Sorting out the contenders

There seem to be three serious options when it comes to distributed version control that all have about the same feature set: Bazaar, Mercurial and Git. Actually, that’s not quite correct. If you’re like me and have to or want to work with several Subversion repositories, Mercurial isn’t an option. As nice as Mercurial may seem (though a bit weird in its understanding of branches), you’ll have to realize that only Bazaar and Git have decent Subversion plugins that allow you to pull and push to a Subversion repository.

Both Bazaar and Git are installed easily on OS X if you have MacPorts. Just beware that if you want to build Git with SVN support, you should install it as follows:

sudo port install git +svn

For the following tests I took one of my private Subversion repositories (the smallest one in which I keep all the files related to my work at the university) and tried interacting with it from Bazaar and Git.

Bazaar

The first thing you’ll hear about Bazaar is that while the documentation is pretty good, it’s slow. And boy they aren’t lying. I haven’t done any measurements, but it felt even slower than Subversion on operations like printing the status of the working copy.

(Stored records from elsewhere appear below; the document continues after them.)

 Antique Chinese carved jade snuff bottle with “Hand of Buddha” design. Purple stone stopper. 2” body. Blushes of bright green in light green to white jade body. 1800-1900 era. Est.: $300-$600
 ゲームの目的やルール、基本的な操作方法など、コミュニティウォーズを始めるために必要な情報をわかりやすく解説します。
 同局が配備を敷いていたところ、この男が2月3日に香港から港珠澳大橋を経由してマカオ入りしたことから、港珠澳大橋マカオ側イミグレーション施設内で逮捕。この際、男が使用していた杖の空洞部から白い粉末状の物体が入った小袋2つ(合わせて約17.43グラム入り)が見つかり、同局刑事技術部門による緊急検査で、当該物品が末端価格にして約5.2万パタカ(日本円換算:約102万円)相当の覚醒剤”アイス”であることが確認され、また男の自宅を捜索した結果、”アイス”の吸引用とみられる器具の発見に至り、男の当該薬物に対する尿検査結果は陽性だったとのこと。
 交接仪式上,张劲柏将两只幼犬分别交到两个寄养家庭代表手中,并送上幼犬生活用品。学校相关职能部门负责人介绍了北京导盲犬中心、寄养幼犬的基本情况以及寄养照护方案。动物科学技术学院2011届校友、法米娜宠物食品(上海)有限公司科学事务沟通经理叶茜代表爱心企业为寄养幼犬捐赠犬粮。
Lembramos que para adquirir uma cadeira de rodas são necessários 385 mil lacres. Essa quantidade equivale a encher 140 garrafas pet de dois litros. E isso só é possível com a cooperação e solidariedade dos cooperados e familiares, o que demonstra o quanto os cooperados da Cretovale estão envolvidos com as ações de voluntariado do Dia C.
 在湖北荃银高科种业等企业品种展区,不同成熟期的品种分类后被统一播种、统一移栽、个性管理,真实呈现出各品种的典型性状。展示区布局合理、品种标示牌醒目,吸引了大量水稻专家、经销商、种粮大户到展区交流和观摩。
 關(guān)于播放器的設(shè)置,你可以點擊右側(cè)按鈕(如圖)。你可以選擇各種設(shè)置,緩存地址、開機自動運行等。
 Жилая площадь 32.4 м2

Like with Mercurial, Bazaar’s command set is quite easy to grasp for people who’ve been brainwashed by Subversion. In other words, people like me. However, I can’t help but think that’s because Bazaar isn’t actually too far away from Subversion, conceptually speaking. Sure, it has local repositories and all that, but in essence it seems to be geared towards a central repository when it comes to sharing your work. Not that that’s a bad thing, as I tried to point out above. I just somehow expected more. For instance, let’s say you have a checkout of something. This checkout can only be bound to one branch in a remote repository at a time. That means you can’t push some work to several repositories at the same time.

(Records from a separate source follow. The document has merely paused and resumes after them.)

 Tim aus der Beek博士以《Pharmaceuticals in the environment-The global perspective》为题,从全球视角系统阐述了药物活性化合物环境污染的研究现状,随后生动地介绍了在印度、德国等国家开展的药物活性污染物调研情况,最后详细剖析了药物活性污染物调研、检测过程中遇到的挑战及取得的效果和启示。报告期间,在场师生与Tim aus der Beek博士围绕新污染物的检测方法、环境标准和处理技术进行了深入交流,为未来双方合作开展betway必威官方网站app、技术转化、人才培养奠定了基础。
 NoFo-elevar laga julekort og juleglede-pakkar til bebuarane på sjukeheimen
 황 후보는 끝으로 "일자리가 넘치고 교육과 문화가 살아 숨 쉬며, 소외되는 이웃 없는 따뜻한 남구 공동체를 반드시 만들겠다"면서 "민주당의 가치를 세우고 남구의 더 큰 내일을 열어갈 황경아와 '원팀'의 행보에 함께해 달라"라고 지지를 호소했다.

Like SVK, Bazaar has the concept of a working copy directly associated with a remote branch and working copies that represent local branches. If you have one of the former, the unbind/bind feature is quite neat. It tells Bazaar to temporarily stop sending every commit to the remote repository (e.g. while you’re hacking away on the train). Once you’re back with network connectivity, you rebind to the remote branch and can push your changes. Unfortunately, Bazaar wants you to push all these changes as one revision (to Subversion) even if you made several commits when offline. I’d rather have it reflect the individual commits.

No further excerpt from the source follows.